That’s an increase of 2.2% compared with June and up 7.2% compared with July 2018.

Pushing up the overall score was an increase in the “Confidence About Not Losing Job” component. The net share of Americans surveyed for the report who said they are not concerned about losing their job over the next 12 months increased eight percentage points to 81%. This component is up 16 percentage points from the same time last year.

Falling mortgage rates have also had a positive impact on consumer sentiment toward housing. The share of Americans who said mortgage rates would go down over the next 12 months increased one percentage point in July compared with June. This component is up 24 percentage points from the same time last year.

“Consumer job confidence and favorable mortgage rate expectations lifted the HPSI to a new survey high in July, despite ongoing housing supply and affordability challenges,” says Doug Duncan, senior vice president and chief economist for Fannie Mae, in a statement. “Consumers appear to have shaken off a winter slump in sentiment amid strong income gains. Therefore, sentiment is positioned to take advantage of any supply that comes to market, particularly in the affordable category.

“However, recent financial market events following when the survey data were collected could weigh on consumer views looking ahead,” Duncan adds.

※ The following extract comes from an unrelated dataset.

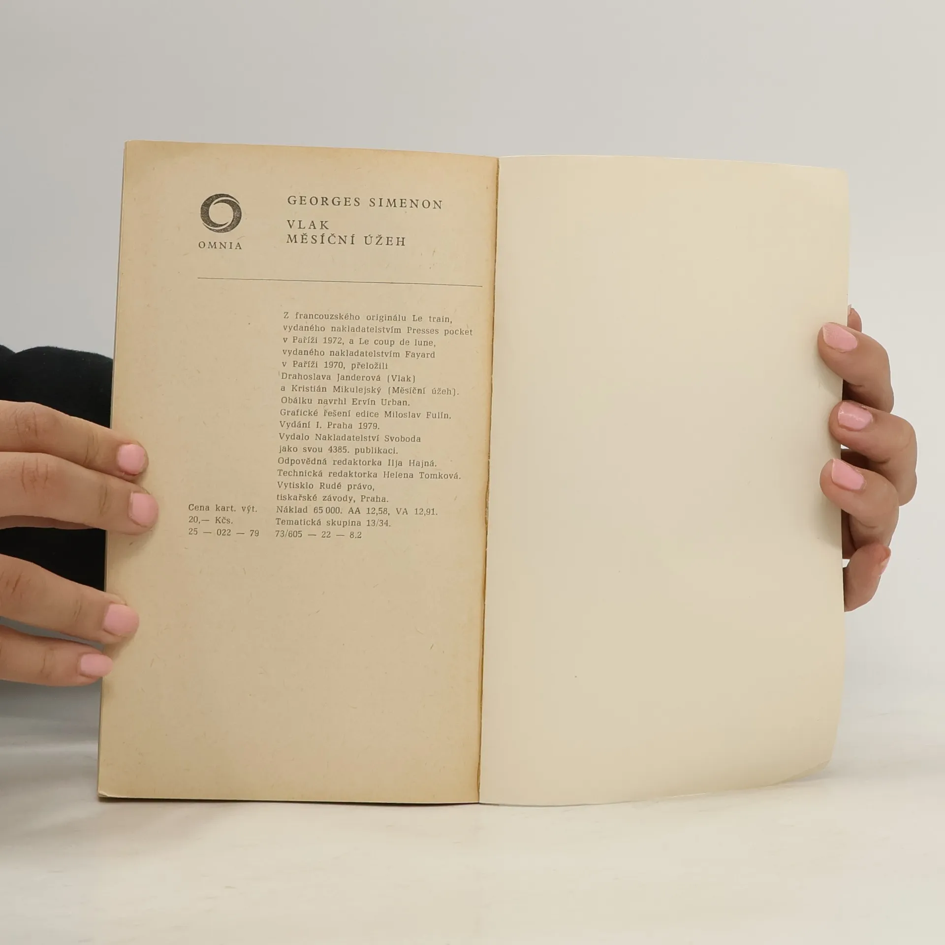 Dvě z psychologických Simenonových novel, vyprávějí příběhy odehrávající se v navzájem odlišné situaci, době i prostředí. Hlavní hrdinové jsou si však čímsi podobní: oba zakřiknutí, nejistí a zcela průměrní mladí muži, vláčení událostmi, pokoušejí se překonat sami sebe. Každý jinak a každý s jiným výsledkem. Edice Omnia, 1. vydání.

The net share of Americans who said it is a good time to buy a home increased three percentage points to 26%. This component is up two percentage points from the same time last year.

The net share who said it is a good time to sell a home increased one percentage point to 44%. This component is up three percentage points from the same time last year.

The share of those who said home prices will go up over the next 12 months decreased one percentage point to 37%. This component is down two percentage points from the same time last year.

The share who reported that their household income is significantly higher than it was 12 months ago increased one percentage point to 21%. This component is unchanged from the same time last year.